The executive, Daniel F. Akerson, said that G.M. was working to maximize its payback to taxpayers, but that the government did not make a bad investment even if it did not recover the full amount given to the company.
“At some level, the government’s got to decide: are they an investor or were they trying to save the industry?” Mr. Akerson told reporters ahead of G.M.’s first annual stockholder meeting since its 2009 government-financed bankruptcy.
A report last week by the White House National Economic Council concluded that the government would probably have to write off about $14 billion of the $80 billion spent rescuing the auto industry by the Bush and Obama administrations.

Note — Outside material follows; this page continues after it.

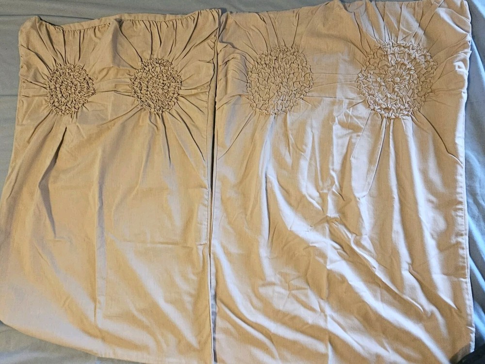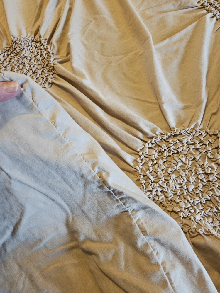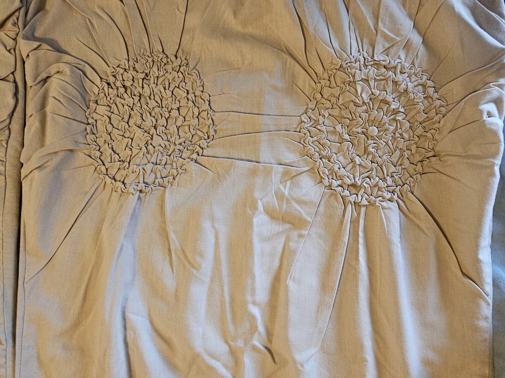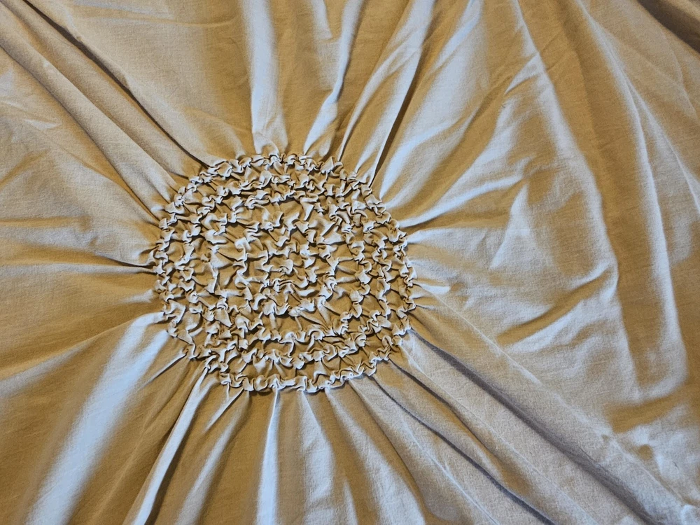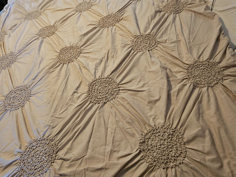 Natural color circle ruched duvet. Full size with 2 shams 80 inch by 78 inches. In very good condition, no flaws noticed. Laundered and clean. Cotton blend, machine washable.

Mr. Akerson said that a G.M. liquidation would have saddled taxpayers with more than $17 billion in pension liabilities. G.M. has cut its pension shortfall in half since 2009, he said, adding that he wanted the plan to be fully financed during his tenure as chief executive.
Because most of the $50 billion G.M. received was converted to an equity stake held by the Treasury Department, Mr. Akerson said G.M. had “technically” repaid its debt to the government, but he added that executives were “doing our level best” to help taxpayers recoup the remaining amount. The Treasury, which still owns 26 percent of G.M., has recovered about half of its investment in G.M.
Shares of G.M. rose 22 cents on Tuesday, to $28.78, compared with the initial public offering price of $33 in November. To break even, the Treasury needs to sell its remaining shares at an average price of about $53.
The Treasury is expected to begin selling more of its G.M. stake as soon as August, but it can wait longer if the shares remain below their original price. G.M. has no say in the matter, Mr. Akerson said.
He said the recent decline in G.M.’s share value mirrored what had happened to competitors’ stocks and attributed it to economic instability.
“There’s a lot of uncertainty about a jobless recovery,” he said.
He said G.M.’s performance was tied to the economy and that the government needed to reduce its deficit to calm the markets and avoid “playing chicken” with its credit rating.
G.M.’s stockholder meeting, held in Detroit for the first time since 1990, was sparsely attended and contained none of the tension that had been common before its bankruptcy. The company has posted five consecutive quarterly profits, earning $4.7 billion last year. Mr. Akerson opened the meeting by contrasting G.M.’s progress since bankruptcy with its bleak outlook before that.
“General Motors almost made history by not making any more future histories,” he said.